Risk assessment is already a vast subject and the pitfalls of risk assessment alone would probably fill a good-sized book.
Between cognitive biases, errors in processes, and poor enterprise alignment, there’s lots to get wrong!
We can’t claim to be encyclopaedic on the subject, but if you’re a risk manager, a business continuity manager or just a manager trying to avoid accidents, here are three categories of pitfalls to watch out for.
- Cognitive biases. The first one is to believe you’re a natural born risk assessor. This is highly unlikely: good risk assessors are made rather than born. Following the herd, wrongly establishing cause and effect relations, overstating risk to prove we’ve understood it (maybe), and understating risk because we don’t understand it (be honest!) are also high on the list of problems. So is a tendency to stick to known risks alone, and to leave other stones unturned – After all, who knows what unpleasant risks might be lurking beneath them?
- Process pitfalls. Having big risk decisions made by people in the wrong place in an organisation is a typical process aberration: for example, where a product manager compromises on quality assurance to get a software product released, a risk decision that should be made instead by QA and possibly security officers. More generally, the lack of an appropriate risk assessment structure and a common standard for scoring or assessing risk will also lead to confusion and bad decisions.

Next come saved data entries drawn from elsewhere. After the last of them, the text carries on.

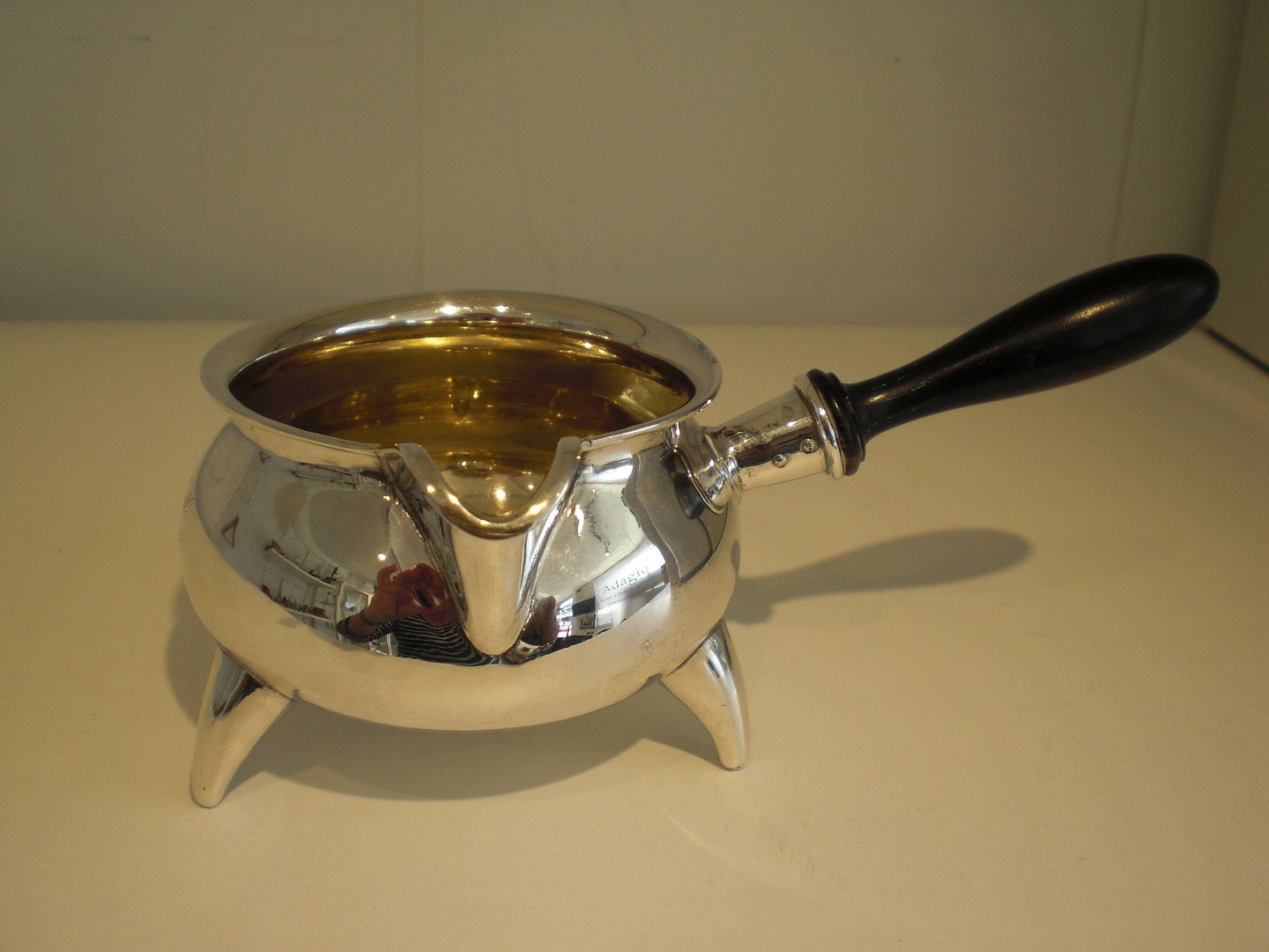 Tretårnet smørnæb med palisander håndtag og forgyldt inderside fra 1917. I fin stand med indgraverede initialer fra 1917. Højde ved tud: 6 cm. Diameter foroven: 7 cm. Samlet mål med stjert: 14,5 cm. Uden mesterstempel - Guardein Heise.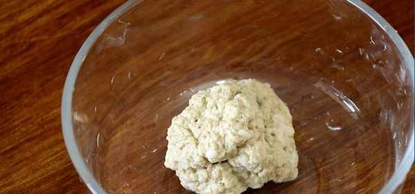 面团碗里加清水,用手搓、揉面团,洗出面筋。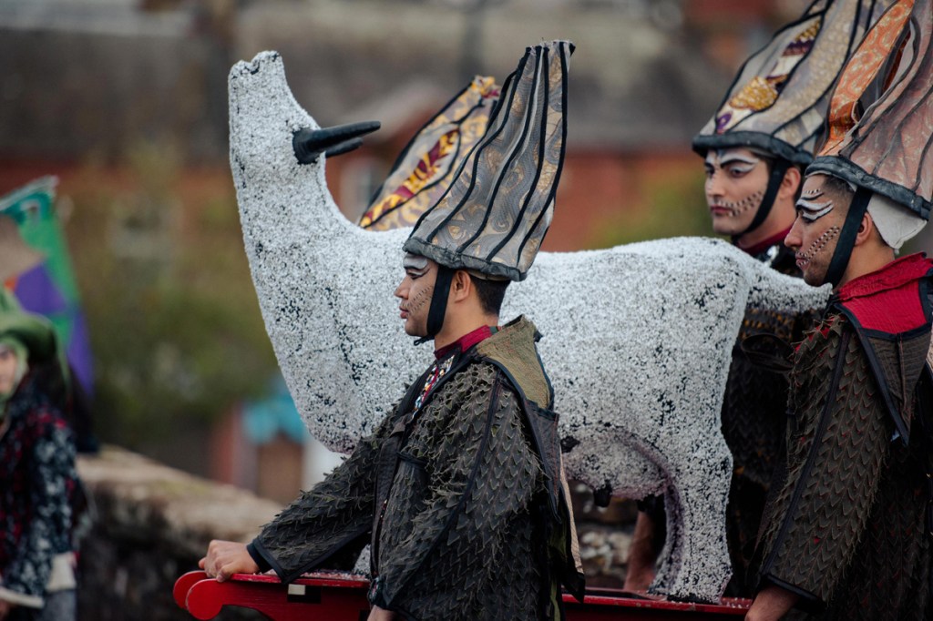 Even with the benefit of hindsight over the 13 years of questions and theories about the meaning and significance of the Salty Coo within Nithraid, she remains obstinately bovine and resistant to explanation. She is without question the focal point of the ritual element of the celebration centred around the race. Every year she is salted anew, carried through the town at shoulder height and despite being eyeless, she watches the celebration of the river from an elevated place and is finally herself committed to the receding tide.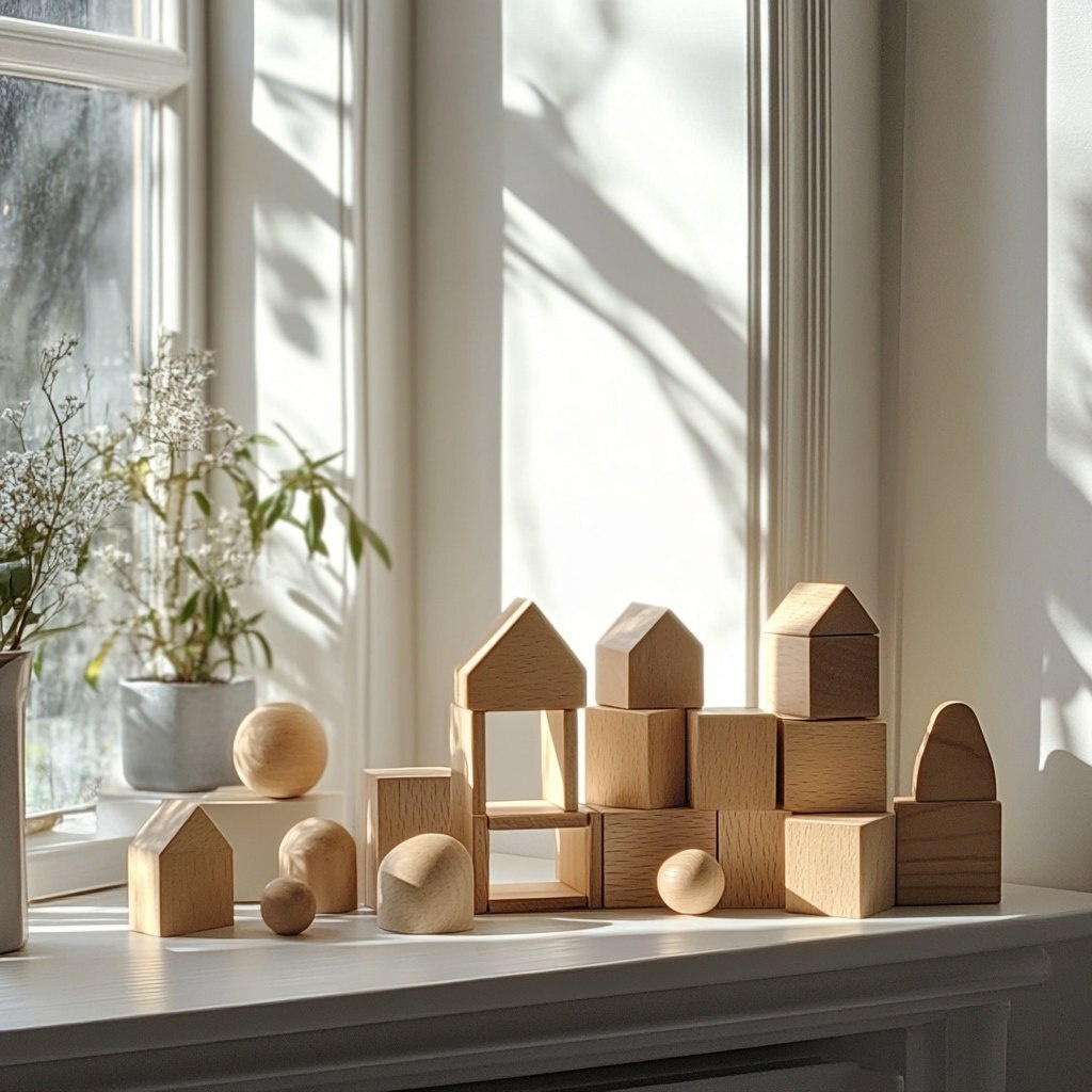 Создано на основе запроса: Wooden building blocks on a low shelf in a sunlit Scandinavian-style playroom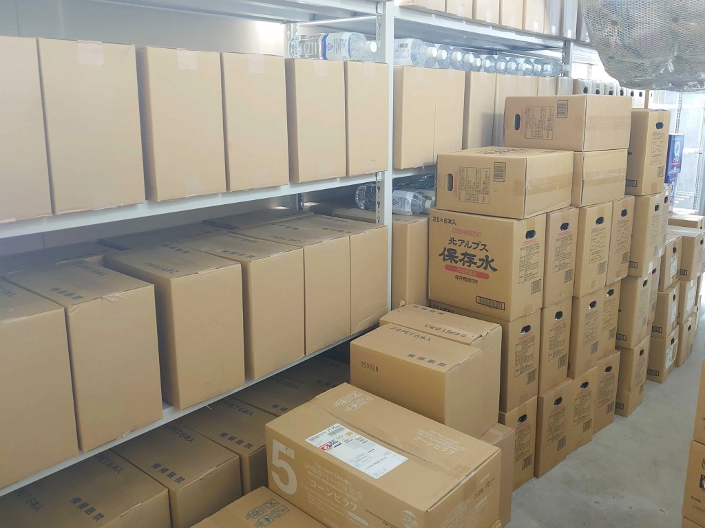 当社では1日分の必要物資を収めた防災バッグを各デスクに用意しており、さらに残り2日分以上の備蓄をオフィス地下にある倉庫に保管しています。これらの備蓄品は、災害発生時に組織される「備蓄管理班」によって、必要分を社員に配布するようになっています。

- Poor enterprise alignment. Lack of openness about the existence of risk and a culture of fear of being blamed for drawing attention to risks will make sound risk assessment difficult. This may be an endemic problem in an enterprise, with top management refusing to admit to or discuss the risks being run.
How should you fix or avoid these pitfalls? A risk-aware culture with the example set by C-level managers downwards is one factor, and basic risk assessment education is another.
Like taking medicine, the initial taste may be disagreeable, but the after-effects should be positive.